### [Task details]
Could you repeat, exactly and with no pictures, only the lines from the start of the records through the line containing "Hale Bob Lounge"?

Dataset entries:
= = = = =

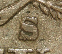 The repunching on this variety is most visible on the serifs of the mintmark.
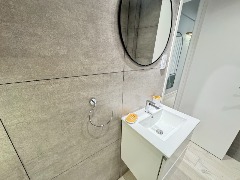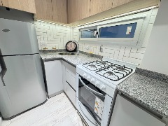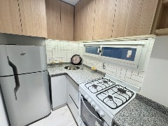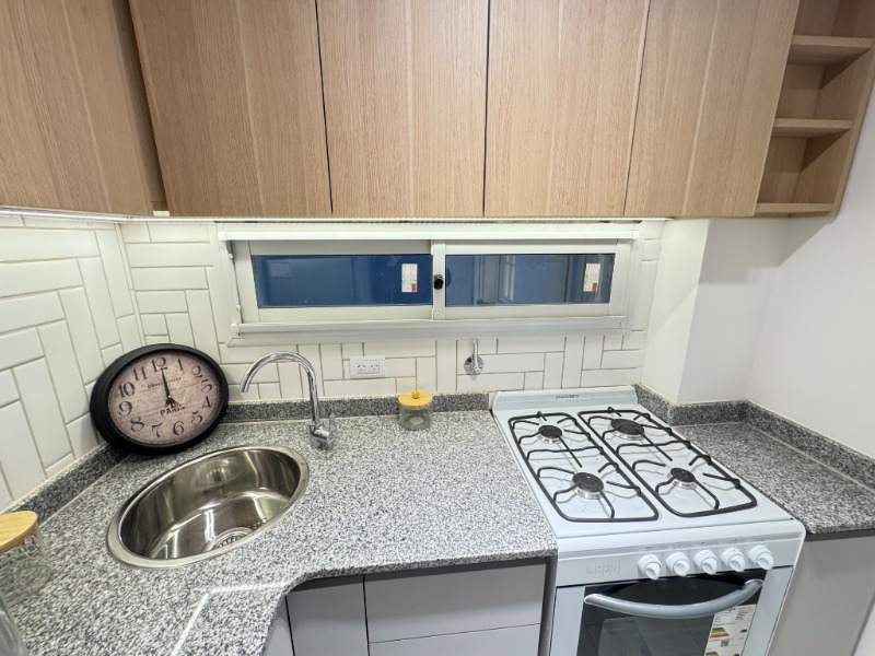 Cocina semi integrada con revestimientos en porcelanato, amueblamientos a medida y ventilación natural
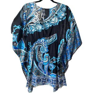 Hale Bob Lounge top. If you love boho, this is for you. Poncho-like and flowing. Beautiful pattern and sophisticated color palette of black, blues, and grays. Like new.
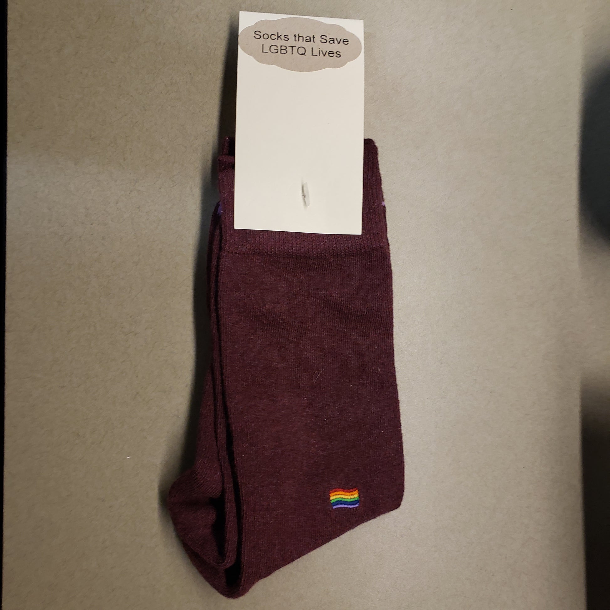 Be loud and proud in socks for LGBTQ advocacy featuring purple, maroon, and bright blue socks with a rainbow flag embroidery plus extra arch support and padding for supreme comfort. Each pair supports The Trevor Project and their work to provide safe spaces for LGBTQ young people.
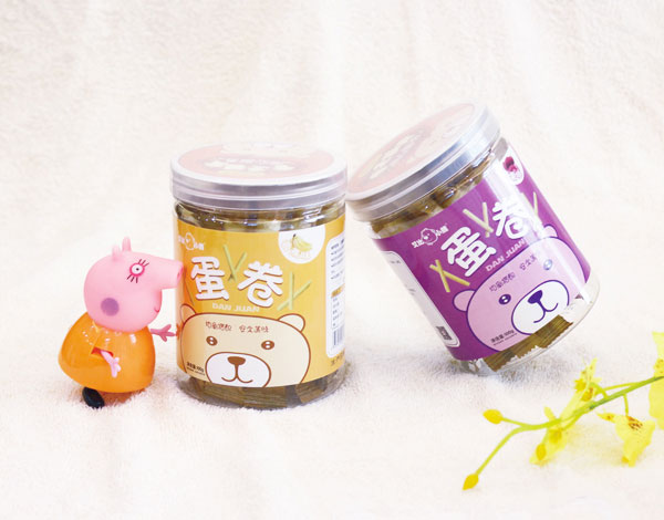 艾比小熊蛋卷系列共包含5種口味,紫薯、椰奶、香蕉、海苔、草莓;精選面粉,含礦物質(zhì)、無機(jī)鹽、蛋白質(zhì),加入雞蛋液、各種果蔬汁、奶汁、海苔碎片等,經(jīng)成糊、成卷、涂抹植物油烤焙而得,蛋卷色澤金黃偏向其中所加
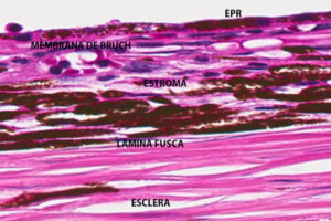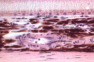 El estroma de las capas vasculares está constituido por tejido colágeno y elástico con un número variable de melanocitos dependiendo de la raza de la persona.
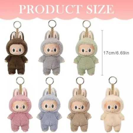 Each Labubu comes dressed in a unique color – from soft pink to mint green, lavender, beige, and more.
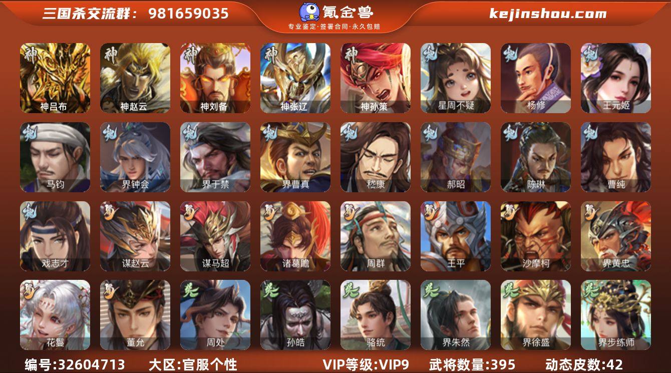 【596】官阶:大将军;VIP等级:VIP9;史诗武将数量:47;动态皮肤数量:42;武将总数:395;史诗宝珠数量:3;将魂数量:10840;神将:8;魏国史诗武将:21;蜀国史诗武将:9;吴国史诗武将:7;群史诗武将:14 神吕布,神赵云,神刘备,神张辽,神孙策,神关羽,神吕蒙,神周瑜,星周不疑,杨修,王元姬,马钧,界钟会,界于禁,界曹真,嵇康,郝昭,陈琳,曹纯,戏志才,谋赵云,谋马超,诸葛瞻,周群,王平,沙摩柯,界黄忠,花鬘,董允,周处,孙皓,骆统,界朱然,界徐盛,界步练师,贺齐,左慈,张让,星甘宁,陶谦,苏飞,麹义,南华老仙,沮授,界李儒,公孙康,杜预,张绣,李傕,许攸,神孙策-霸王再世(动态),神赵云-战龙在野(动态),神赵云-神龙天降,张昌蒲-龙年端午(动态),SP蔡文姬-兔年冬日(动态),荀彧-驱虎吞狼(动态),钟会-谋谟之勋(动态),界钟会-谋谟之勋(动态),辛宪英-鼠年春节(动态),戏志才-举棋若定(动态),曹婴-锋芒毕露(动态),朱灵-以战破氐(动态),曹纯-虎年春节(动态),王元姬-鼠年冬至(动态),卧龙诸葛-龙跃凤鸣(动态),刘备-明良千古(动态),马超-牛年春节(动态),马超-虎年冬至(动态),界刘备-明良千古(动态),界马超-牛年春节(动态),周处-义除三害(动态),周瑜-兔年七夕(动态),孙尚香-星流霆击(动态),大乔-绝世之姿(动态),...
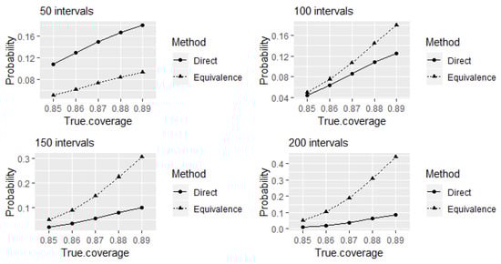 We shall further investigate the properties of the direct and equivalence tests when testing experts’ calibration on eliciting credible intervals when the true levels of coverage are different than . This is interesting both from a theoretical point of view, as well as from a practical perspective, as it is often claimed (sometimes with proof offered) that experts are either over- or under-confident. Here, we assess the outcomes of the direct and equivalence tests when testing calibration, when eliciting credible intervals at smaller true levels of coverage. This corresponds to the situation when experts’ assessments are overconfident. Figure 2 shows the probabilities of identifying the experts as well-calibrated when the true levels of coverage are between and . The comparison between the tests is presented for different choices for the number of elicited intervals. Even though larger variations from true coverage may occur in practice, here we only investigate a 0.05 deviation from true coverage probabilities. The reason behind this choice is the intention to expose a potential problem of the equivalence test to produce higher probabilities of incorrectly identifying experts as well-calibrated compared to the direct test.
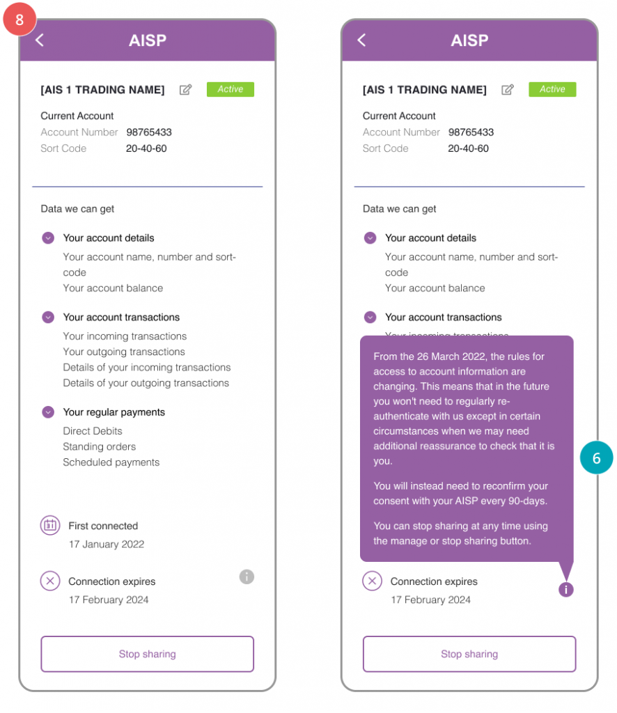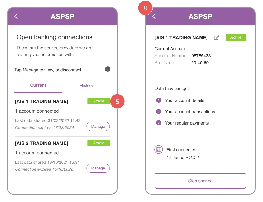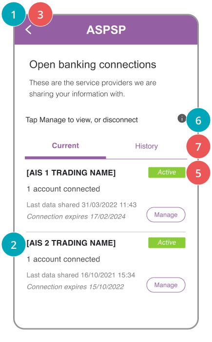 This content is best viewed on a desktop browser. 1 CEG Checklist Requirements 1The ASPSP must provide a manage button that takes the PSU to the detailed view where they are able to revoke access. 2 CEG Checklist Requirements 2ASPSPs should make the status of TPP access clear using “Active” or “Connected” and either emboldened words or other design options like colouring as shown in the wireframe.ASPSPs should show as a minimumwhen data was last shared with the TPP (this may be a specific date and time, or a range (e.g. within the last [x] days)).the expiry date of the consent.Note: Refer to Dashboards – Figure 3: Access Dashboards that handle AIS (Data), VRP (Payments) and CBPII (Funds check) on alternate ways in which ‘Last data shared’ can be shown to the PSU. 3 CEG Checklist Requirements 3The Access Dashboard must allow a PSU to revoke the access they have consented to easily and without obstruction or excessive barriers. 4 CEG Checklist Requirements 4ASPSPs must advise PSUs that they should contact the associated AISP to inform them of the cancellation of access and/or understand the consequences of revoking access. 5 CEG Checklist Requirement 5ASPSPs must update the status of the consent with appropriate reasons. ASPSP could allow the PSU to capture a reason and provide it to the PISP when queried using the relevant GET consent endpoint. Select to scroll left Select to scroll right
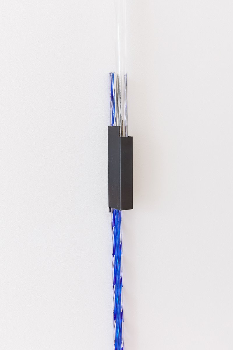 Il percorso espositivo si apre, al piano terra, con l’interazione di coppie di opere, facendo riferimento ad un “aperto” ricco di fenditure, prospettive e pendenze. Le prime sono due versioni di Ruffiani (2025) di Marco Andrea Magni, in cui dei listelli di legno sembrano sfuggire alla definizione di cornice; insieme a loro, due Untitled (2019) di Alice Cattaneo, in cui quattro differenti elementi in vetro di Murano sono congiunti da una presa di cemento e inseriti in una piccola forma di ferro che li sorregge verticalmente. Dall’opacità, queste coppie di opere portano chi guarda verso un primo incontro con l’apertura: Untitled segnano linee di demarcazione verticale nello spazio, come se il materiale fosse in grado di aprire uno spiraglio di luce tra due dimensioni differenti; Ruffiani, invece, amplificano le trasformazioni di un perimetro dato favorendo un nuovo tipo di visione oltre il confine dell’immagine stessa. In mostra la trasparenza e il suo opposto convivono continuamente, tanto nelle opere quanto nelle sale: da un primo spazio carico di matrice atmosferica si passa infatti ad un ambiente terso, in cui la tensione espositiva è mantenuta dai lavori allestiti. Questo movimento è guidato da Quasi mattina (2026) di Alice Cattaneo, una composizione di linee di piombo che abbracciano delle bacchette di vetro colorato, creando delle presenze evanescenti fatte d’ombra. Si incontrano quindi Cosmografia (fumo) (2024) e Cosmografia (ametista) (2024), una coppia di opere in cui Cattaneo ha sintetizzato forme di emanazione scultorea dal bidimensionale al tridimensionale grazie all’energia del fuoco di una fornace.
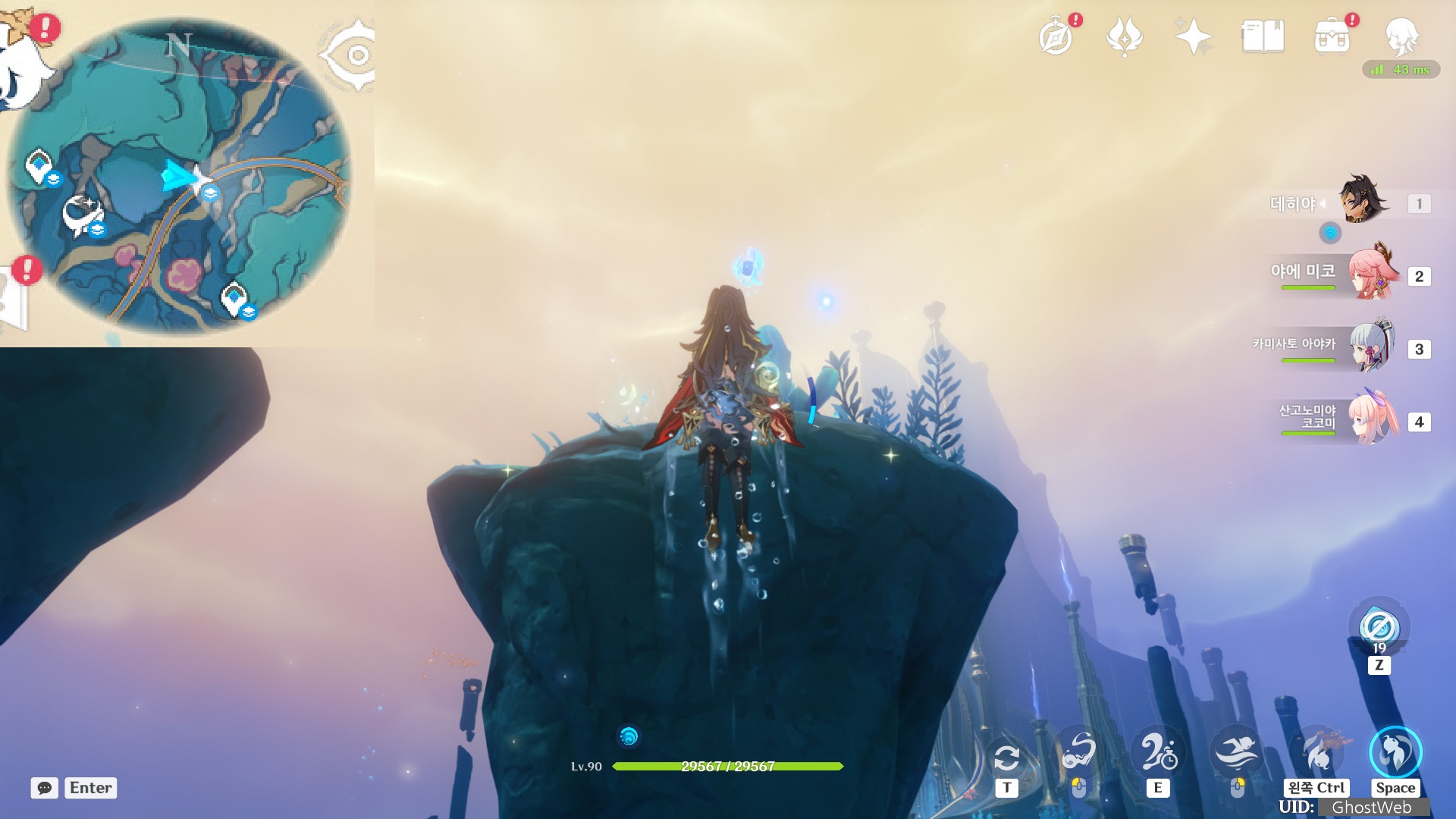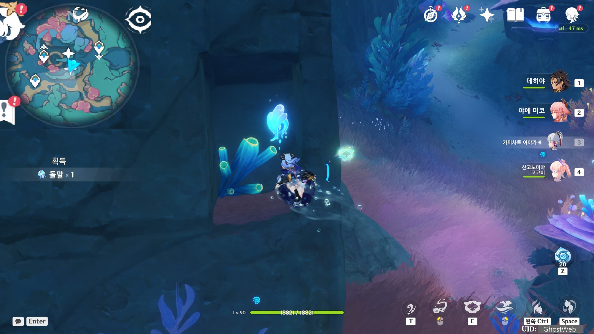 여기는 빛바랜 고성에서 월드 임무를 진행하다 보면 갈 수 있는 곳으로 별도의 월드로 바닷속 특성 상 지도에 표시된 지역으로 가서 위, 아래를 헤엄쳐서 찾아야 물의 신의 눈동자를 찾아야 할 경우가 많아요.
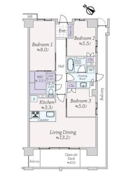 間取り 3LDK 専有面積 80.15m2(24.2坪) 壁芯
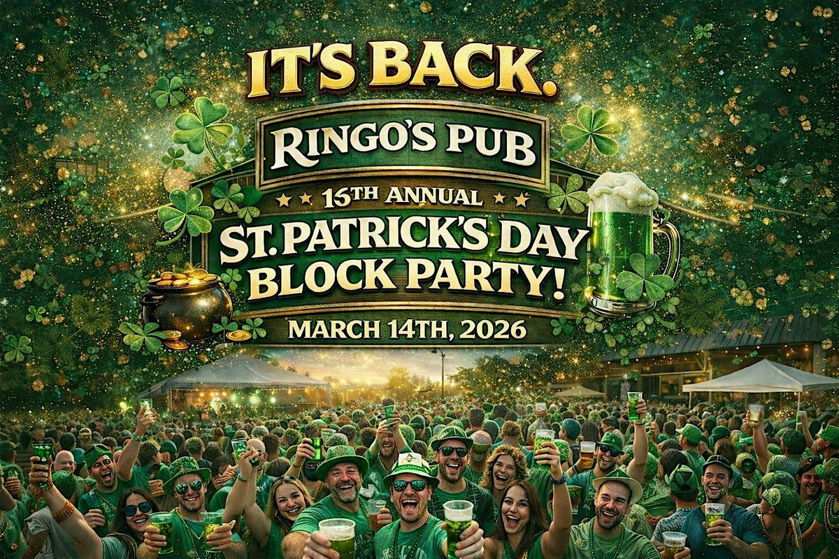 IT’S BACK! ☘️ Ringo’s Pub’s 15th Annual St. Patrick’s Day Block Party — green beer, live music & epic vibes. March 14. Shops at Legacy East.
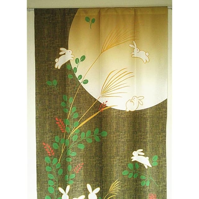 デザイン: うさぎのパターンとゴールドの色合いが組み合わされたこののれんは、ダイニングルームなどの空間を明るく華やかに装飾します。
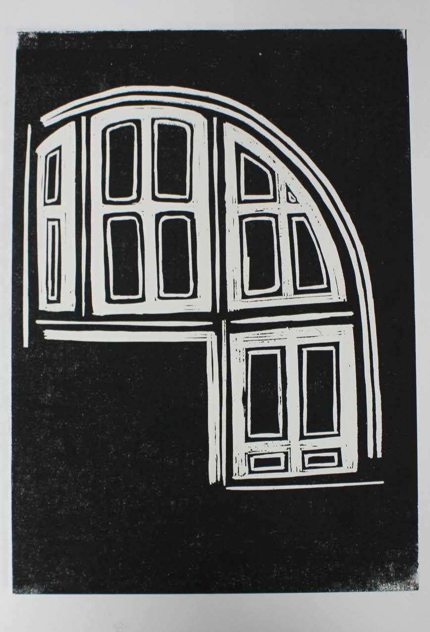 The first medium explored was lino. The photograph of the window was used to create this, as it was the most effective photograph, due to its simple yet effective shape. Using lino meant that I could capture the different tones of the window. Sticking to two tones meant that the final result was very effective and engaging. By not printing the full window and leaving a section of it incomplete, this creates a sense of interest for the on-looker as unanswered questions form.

= = = = =

### [Task response]
 The repunching on this variety is most visible on the serifs of the mintmark.
 Cocina semi integrada con revestimientos en porcelanato, amueblamientos a medida y ventilación natural
 Hale Bob Lounge top. If you love boho, this is for you. Poncho-like and flowing. Beautiful pattern and sophisticated color palette of black, blues, and grays. Like new.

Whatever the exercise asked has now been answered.